## What you are asked to do
Whatever lies between the line with "Objevte kouzlo osvětlení" and the end of the data, both included, must be copied exactly and without pictures.

## Source material
:::

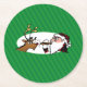 Stogie Santa and Reindeer on Green Stripes Round Paper Coaster
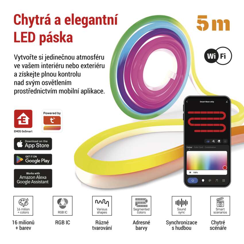 Objevte kouzlo osvětlení s naším Smart ohebným LED páskem NEON! Tento 5metrový RGBIC pásek s více jak 16 miliony barvami nabízí segmentové ovládání barev a je plně ovladatelný pomocí bezplatné aplikace EMOS GoSmart, která je dostupná pro Android i iOS. Nastavte si barvy, jas a osvětlení podle svých představ, nechte pásek reagovat na hudbu, využijte přednastavené nebo vaše vlastní světelné režimy, vytvářejte scény a automatizace. Funkcemi nabitý LED pásek NEON vytvoří atmosféru, která dokonale ladí s vaším stylem!
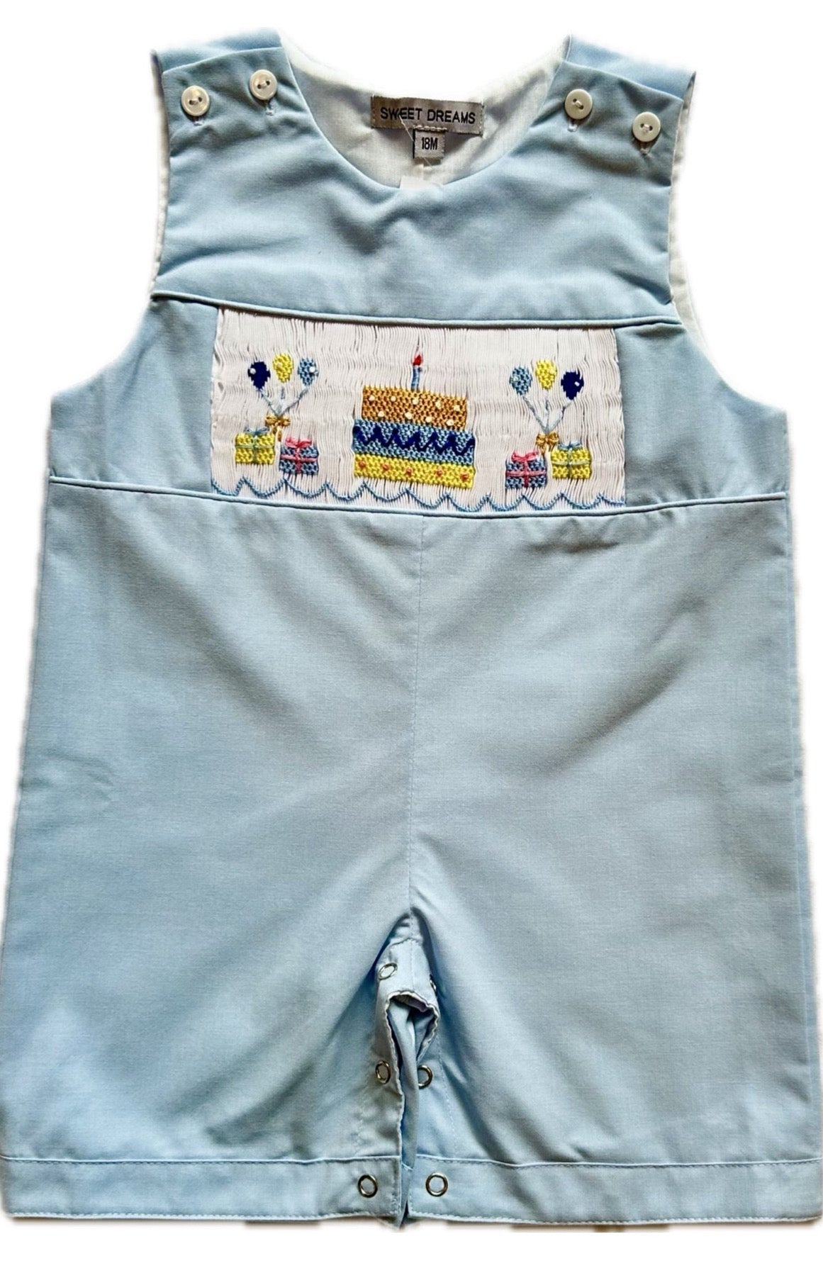 Get ready to celebrate in style with our Happy Birthday Smocked Jon Jon! Perfect for any little boy's big day, this outfit will make them feel extra special. Don't miss out on the fun!
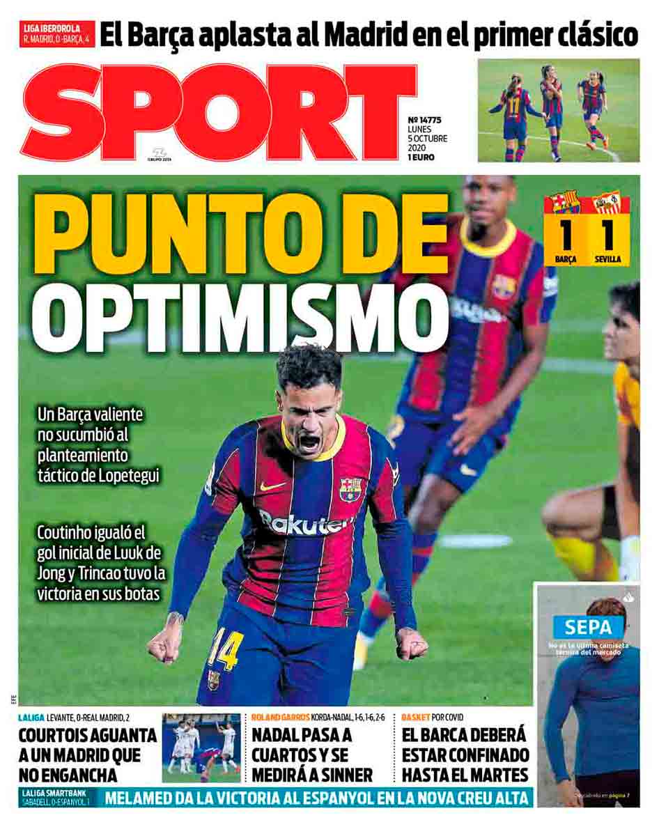 No creáis (qué sorpresa) que las portadas madrileñas se desmarcan en demasía de esta línea editorial de Sport respecto al partido de los nuestros. El hincapié se pone en Courtois para dar a entender que el liderato es cuestión de guantes, flor y poco más. Qué bien nos conocemos todos, amigos.

:::

## Written response
 Objevte kouzlo osvětlení s naším Smart ohebným LED páskem NEON! Tento 5metrový RGBIC pásek s více jak 16 miliony barvami nabízí segmentové ovládání barev a je plně ovladatelný pomocí bezplatné aplikace EMOS GoSmart, která je dostupná pro Android i iOS. Nastavte si barvy, jas a osvětlení podle svých představ, nechte pásek reagovat na hudbu, využijte přednastavené nebo vaše vlastní světelné režimy, vytvářejte scény a automatizace. Funkcemi nabitý LED pásek NEON vytvoří atmosféru, která dokonale ladí s vaším stylem!
 Get ready to celebrate in style with our Happy Birthday Smocked Jon Jon! Perfect for any little boy's big day, this outfit will make them feel extra special. Don't miss out on the fun!
 No creáis (qué sorpresa) que las portadas madrileñas se desmarcan en demasía de esta línea editorial de Sport respecto al partido de los nuestros. El hincapié se pone en Courtois para dar a entender que el liderato es cuestión de guantes, flor y poco más. Qué bien nos conocemos todos, amigos.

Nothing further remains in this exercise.